_DATASET CONTENT_:
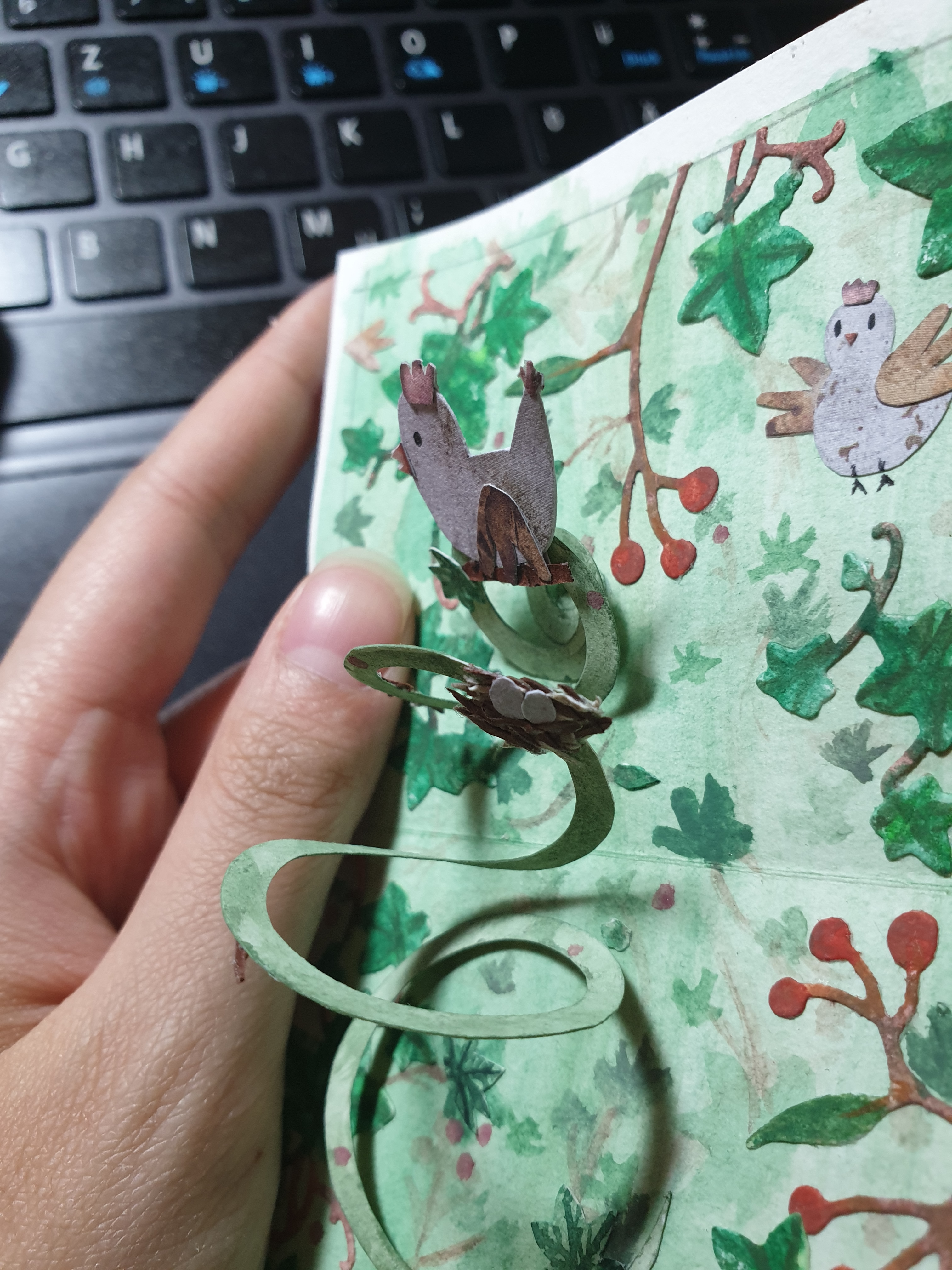 @Up-Quark Die Idee würde ich so zulassen. Die Vögelchen sind whimsical und somit zulässig, und Pop-Up-Karten sind ne Menge Arbeit. Supi! Was die Vorderseite angeht, würde ich sagen, sie sollte farblich und thematisch mit dem Innenraum harmonieren, ich würde evtl. einen solchen Vogel in größer draufmachen… bei der Bastelarbeit, die in der Karte steckt, bin ich dann aber weniger pissig, was einen detaillierten Hintergrund angeht - der Star der Karte ist ja das Innenleben.
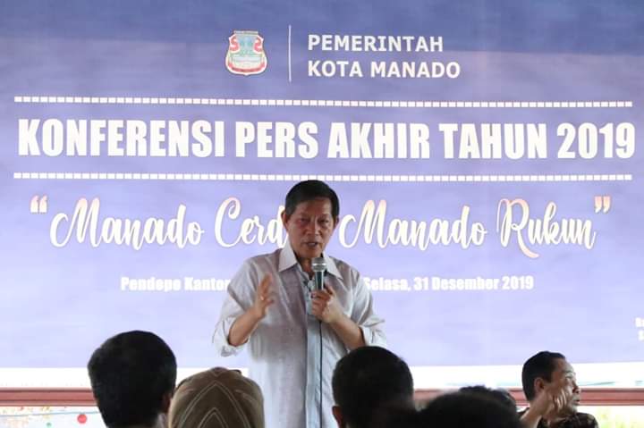 MANADO, BERITASULUT.CO.ID – Walikota Manado DR GS Vicky Lumentut (GSVL) memimpin konferensi pers (konpers) akhir tahun 2019 Pemerintah Kota Manado, di pendopo lantai 2 Kantor Walikota, Jln Balaikota, Selasa (31/12/2019) sore.
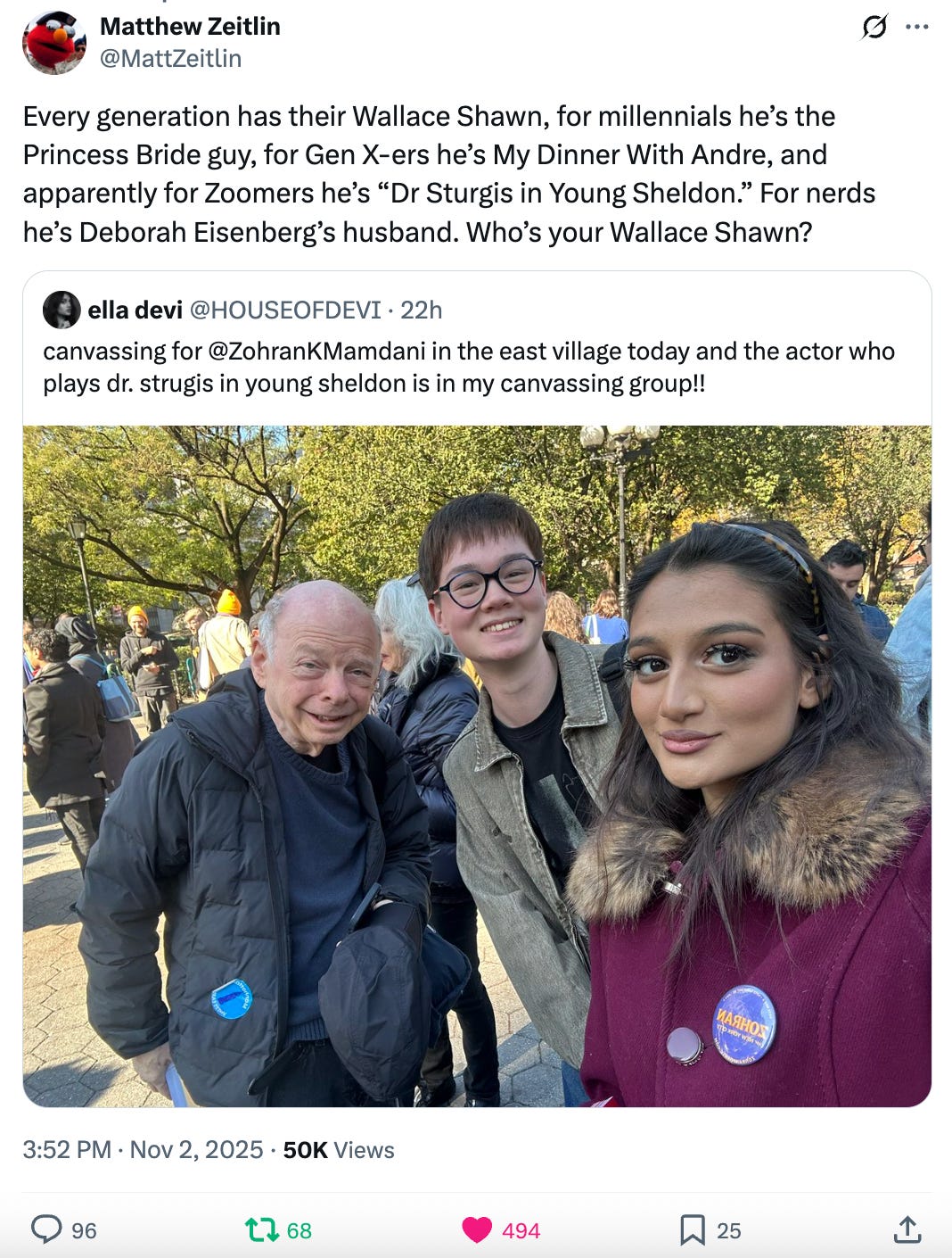 Meet Ella Devi, the Zohran canvasser who went viral yesterday for saying Wallace Shawn (living legend) was known as “the actor who plays dr. strugis in young sheldon.” Most responses were along the lines of “open the schools.” I spoke to 18-year-old Ella last night to find out what it was like to be the catalyst of WallaceGate. Her take: “all the old people getting mad at me on the internet because i totally forgot Wallace Shawn was in clueless and also the princess bride both of which i have actually watched because i’m not an idiot need to go do something better with their time (canvas for Zohran Mamdani).”

_PROBLEM DESCRIPTION_: The material above is to be repeated word for word, with no images kept.

_TASK RESULT_:
 @Up-Quark Die Idee würde ich so zulassen. Die Vögelchen sind whimsical und somit zulässig, und Pop-Up-Karten sind ne Menge Arbeit. Supi! Was die Vorderseite angeht, würde ich sagen, sie sollte farblich und thematisch mit dem Innenraum harmonieren, ich würde evtl. einen solchen Vogel in größer draufmachen… bei der Bastelarbeit, die in der Karte steckt, bin ich dann aber weniger pissig, was einen detaillierten Hintergrund angeht - der Star der Karte ist ja das Innenleben.
 MANADO, BERITASULUT.CO.ID – Walikota Manado DR GS Vicky Lumentut (GSVL) memimpin konferensi pers (konpers) akhir tahun 2019 Pemerintah Kota Manado, di pendopo lantai 2 Kantor Walikota, Jln Balaikota, Selasa (31/12/2019) sore.
 Meet Ella Devi, the Zohran canvasser who went viral yesterday for saying Wallace Shawn (living legend) was known as “the actor who plays dr. strugis in young sheldon.” Most responses were along the lines of “open the schools.” I spoke to 18-year-old Ella last night to find out what it was like to be the catalyst of WallaceGate. Her take: “all the old people getting mad at me on the internet because i totally forgot Wallace Shawn was in clueless and also the princess bride both of which i have actually watched because i’m not an idiot need to go do something better with their time (canvas for Zohran Mamdani).”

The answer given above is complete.